Comment 26 Florin Apostol 2015-10-30 16:12:34 UTC
Review of attachment 314382 [details] [review]:

::: ext/dash/gstmpdparser.c
@@ +979,3 @@
+          GST_WARNING ("'-' sign found while parsing unsigned duration");
+          goto error;
+        }

if negative durations are accepted, this is not where the '-' sign should be. It should be before P.

If we do not need to support parsing negative durations, I suggest doing a single search at the beginning.
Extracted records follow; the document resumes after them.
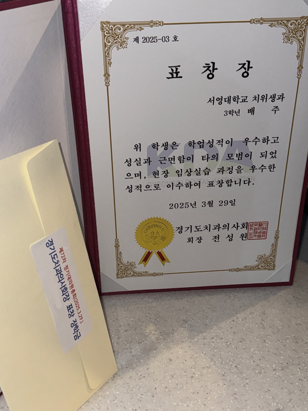 3학년 배*주 학생이 표창장을 수여받았습니다^^ 축하합니다^^
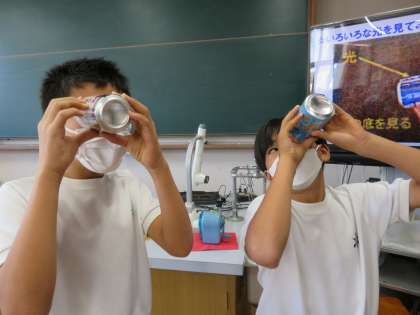 空き缶を使って実験道具を作り、みんなで観察しました。
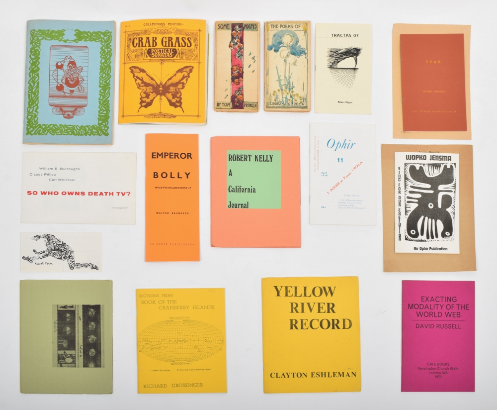 (2) Bavuska or the rub. The rubber or Greta's bust (...). Random selections from Allen Fisher's simultaneous novels. Ibid., idem, 1969, (2),19,(3) p., original wrapper, 4to; (3) Sections from Book of the Cranberry Islands. Richard Grossinger. Ibid., idem, n.d., 49 p., original wrapper; (4) A California Journal. Robert Kelly. Ibid., idem, 1969, 36,(4) p., original wrapper. And with 8 more by other (alternative) publishers, incl. several titles illustrated with cartoons and incl. 4 "Ophir publications" and 2 finely published poetry collections published by T.N. Foulis (London & Edinburgh) (total 15).
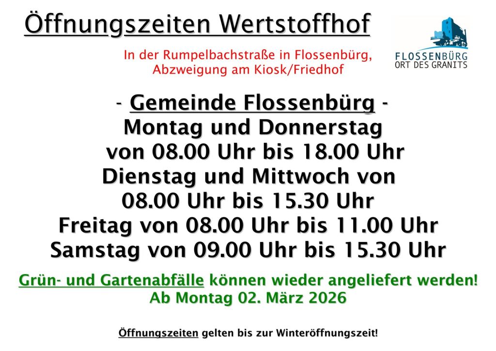 Öffnungs­zeiten Grüngut­an­lie­ferung 2026
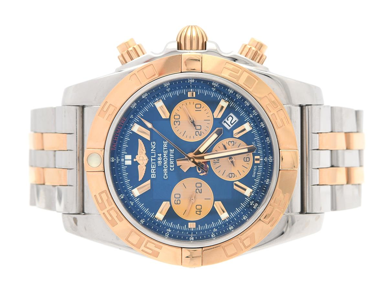 Breitling Chronomat 44 refnr CB0110 s/n 3303297 automat pilotlänk stål/rosé, extra länkbitar datum safirglas manual cet box
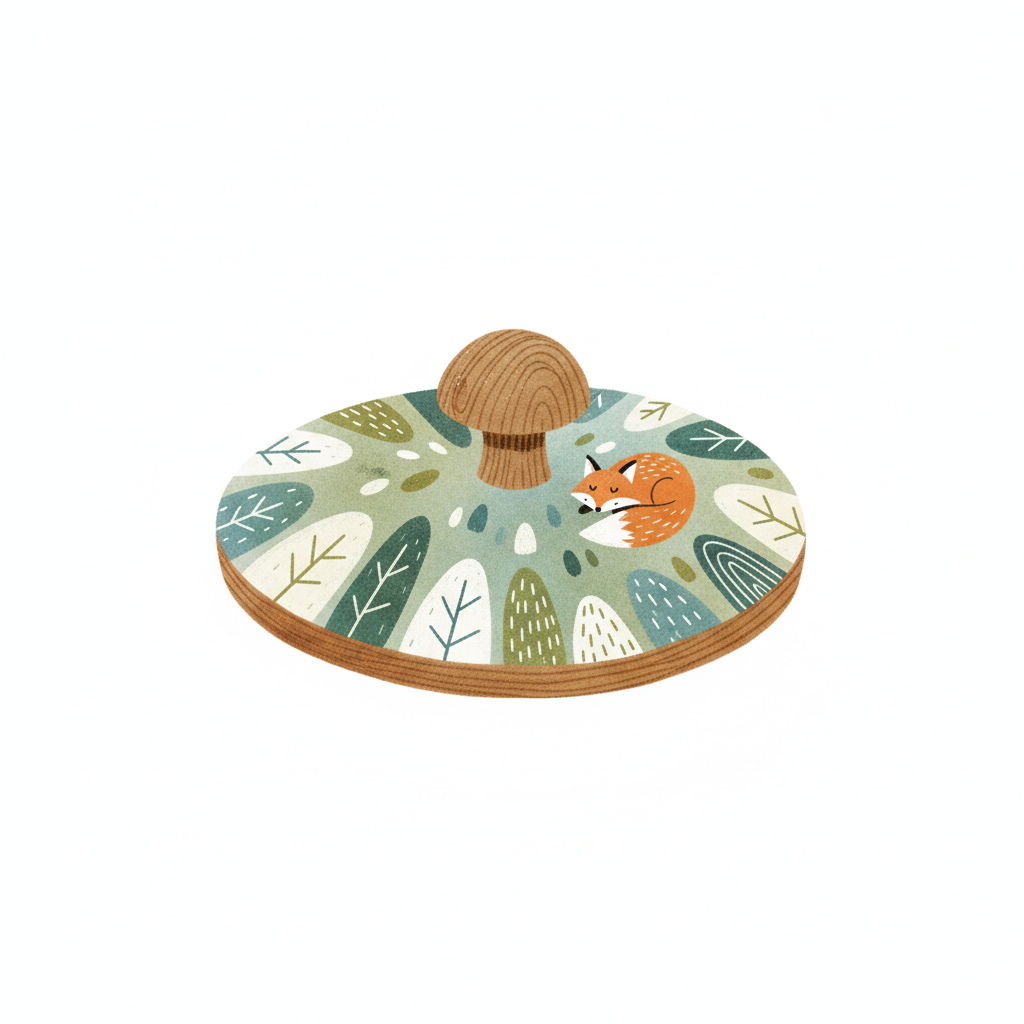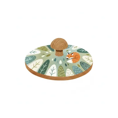 Ein dekorativer Holzteller mit einem Fuchs und Pflanzenmuster.
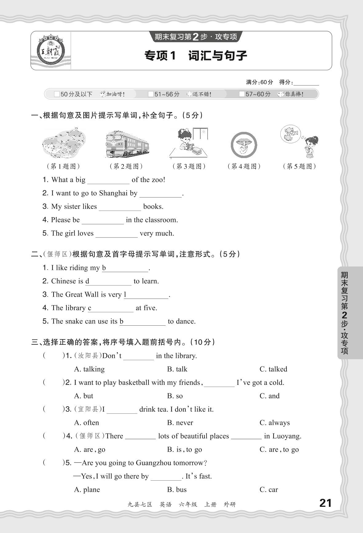 2023秋上册六年级英语外研版 期末专项卷·词汇与句子_R231127154530137【1】
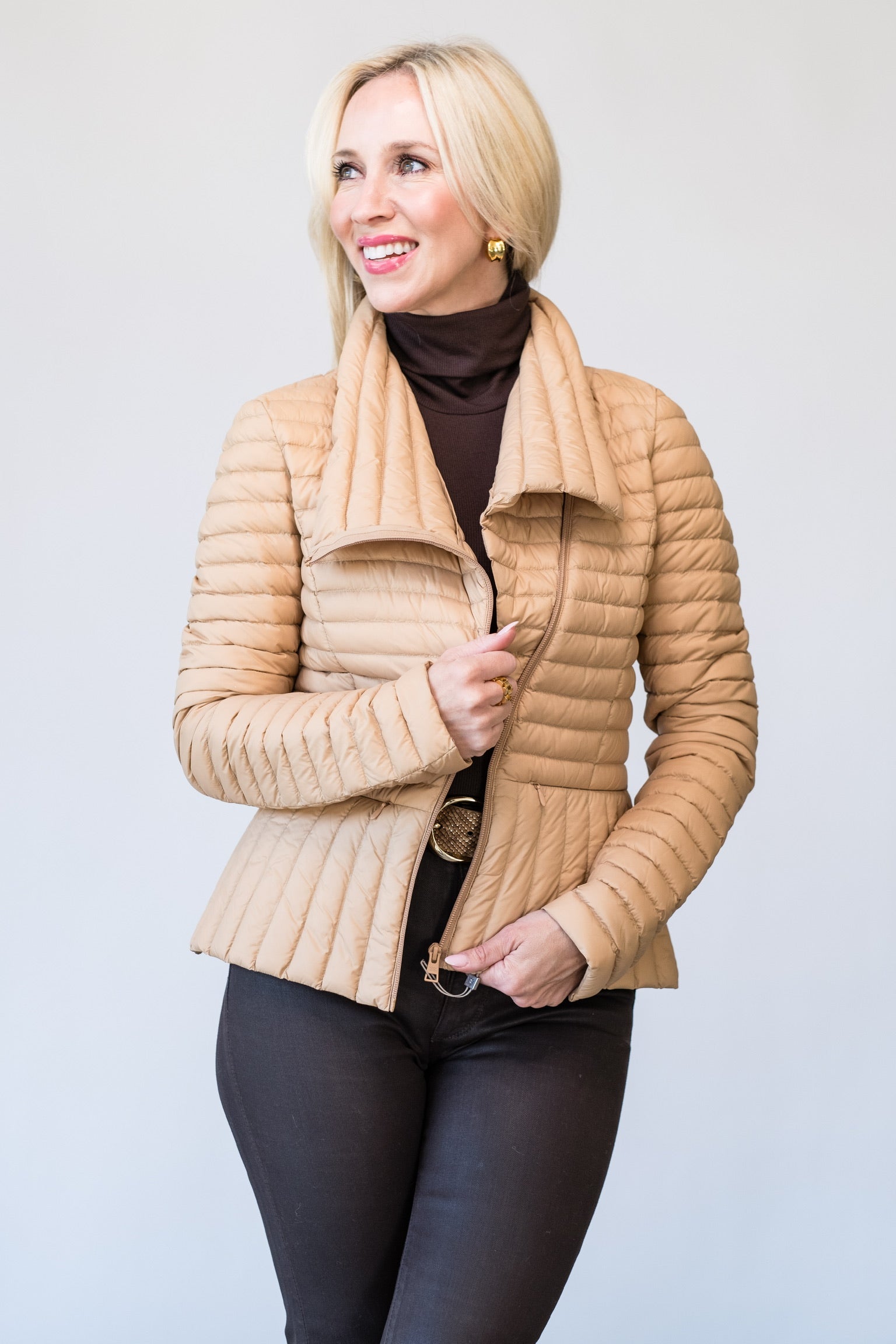 The BRANDY by SOIA & KYO is an ultra-lightweight puffer that packs down into a carrying bag. It’s designed with an elegant crossover collar that flows into an asymmetrical front zipper. The shell is made from 100% recycled nylon and filled with responsibly sourced RDS certified down. Finished with a fashion-forward mix of channel and vertical quilting.

If we do want to support parsing negative durations, the original code did it ok: search for the first occurrence, test that it is at the beginning, search again for a second occurrence that should not exist.
Comment 27 Vincent Penquerc'h 2015-10-30 16:24:47 UTC
Created attachment 314504 [details] [review]
unsigned durations

I think we want to keep to unsigned durations at this point.

Signed check moved.
Comment 28 Florin Apostol 2015-10-30 16:27:13 UTC
Review of attachment 314504 [details] [review]:

::: ext/dash/gstmpdparser.c
@@ +1021,3 @@
+          GST_WARNING ("'-' sign found while parsing unsigned duration");
+          goto error;
+        }

there was another one here

You can merge it after your remove this one
Comment 29 Vincent Penquerc'h 2015-10-30 16:32:06 UTC
commit e48e68416cd2698ed821748ac89e198b61c95391
Author: Vincent Penquerc'h <vincent.penquerch@collabora.co.uk>
Date:   Thu Oct 29 11:38:35 2015 +0000

    mpdparser: make durations unsigned where appropriate
    
    The standard does not seem to make any particular explicit not
    implicit reference to the signedness of durations, and the code
    does not rely on such, nor on the negativity of the -1 value
    that's used as a placeholder when a duration property is not
    present in the XML.
    
    https://bugzilla.gnome.org/show_bug.cgi?id=750847
Comment 30 Vincent Penquerc'h 2015-10-30 16:32:52 UTC
Created attachment 314505 [details] [review]
unsigned durations

The one I pushed, with the second sign check removed.